Early Decision Under Fire
A new report, published by a group known as “Education Reform Now,” has sharply criticized Early Decision policies. What? A group is against the notion that students should not have to make binding commitments to universities in exchange for increased odds of admission? This is a radical rebuke of a policy that has never weathered any criticism whatsoever. Ok, we kid, we kid. Early Decision has been under fire for many years with the central argument against the practice being that it favors wealthy applicants. So what does the new report by “Education Reform Now” have to say?

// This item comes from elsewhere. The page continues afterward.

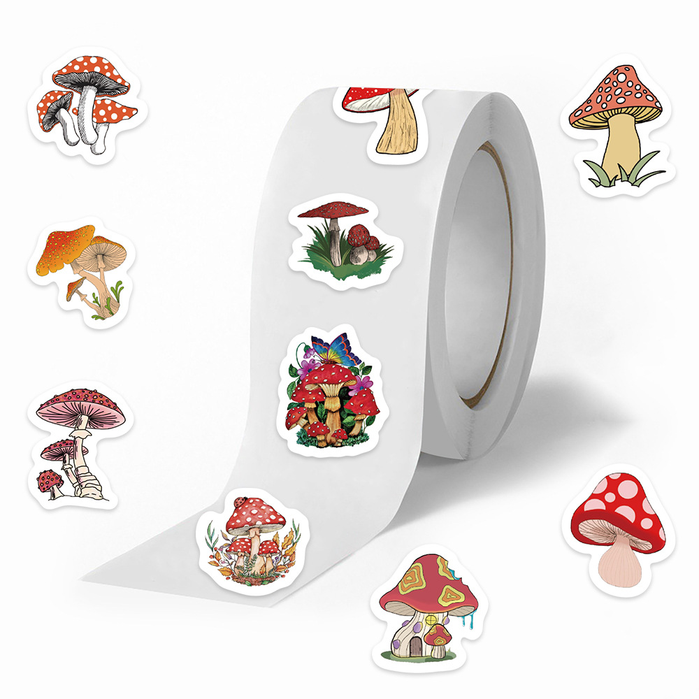 500枚/巻き巻き巻きステッカークロスボーダー人気テープ漫画きのこステッカー手帳DIY素材封筒シール
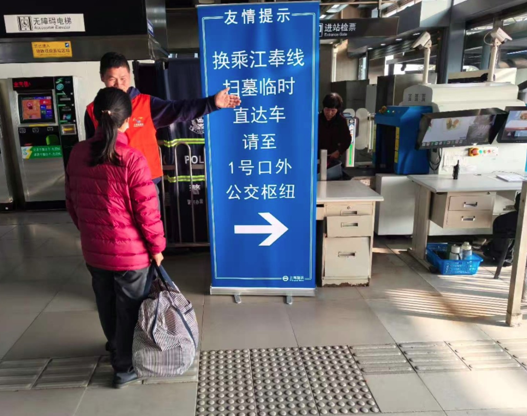 “坐地铁不用赶时间,从市区过来才40分钟,一路还有工作人员维持秩序,省心省力。”乘客龚女士从江苏路站换乘11号线直达上海赛车场站,原本担心的堵车、停车难问题,坐地铁全都避开了。随着交通出行的日益便捷,越来越多的市民倾向于选择“地铁+短驳”的方式前往墓园祭扫。

As Scott Jaschik reports for Inside Higher Ed in a piece entitled “Report Blasts Early Decision,” “The report noted that ‘students who attended independent private high schools were more than 3.5 times more likely to apply ED than public school students were.’ In addition, ‘international applicants were almost three times more likely to apply ED than U.S. residents were.’ And further, ‘applicants from the wealthiest ZIP codes were twice as likely to apply ED than all other applicants were.’ To solve the problem, if colleges are unwilling to eliminate early decision, the report made three recommendations: that early decision end at public institutions, that ‘institutions that offer ED … meet the full financial need of all applicants’ and improved ‘awareness of the benefits of early decision by improving college and career counseling.'”
So, basically, the report should be used to start a fire on a cold day. Or perhaps to make model airplanes on a breezy day. Who needs a report to tell us that it would be good for colleges to better get out the word about the benefits of applying Early Decision? Who needs a report to tell us that public institutions end Early Decision policies, particularly since few public universities have such policies — and certainly no competitive public university. Hey, The College of New Jersey, end Early Decision! This report should be filed away with the Harvard Graduate School of Education’s Turning the Tide report of a few years back…in a manilla folder within an aluminum cabinet in the basement beneath the hurricane shutters.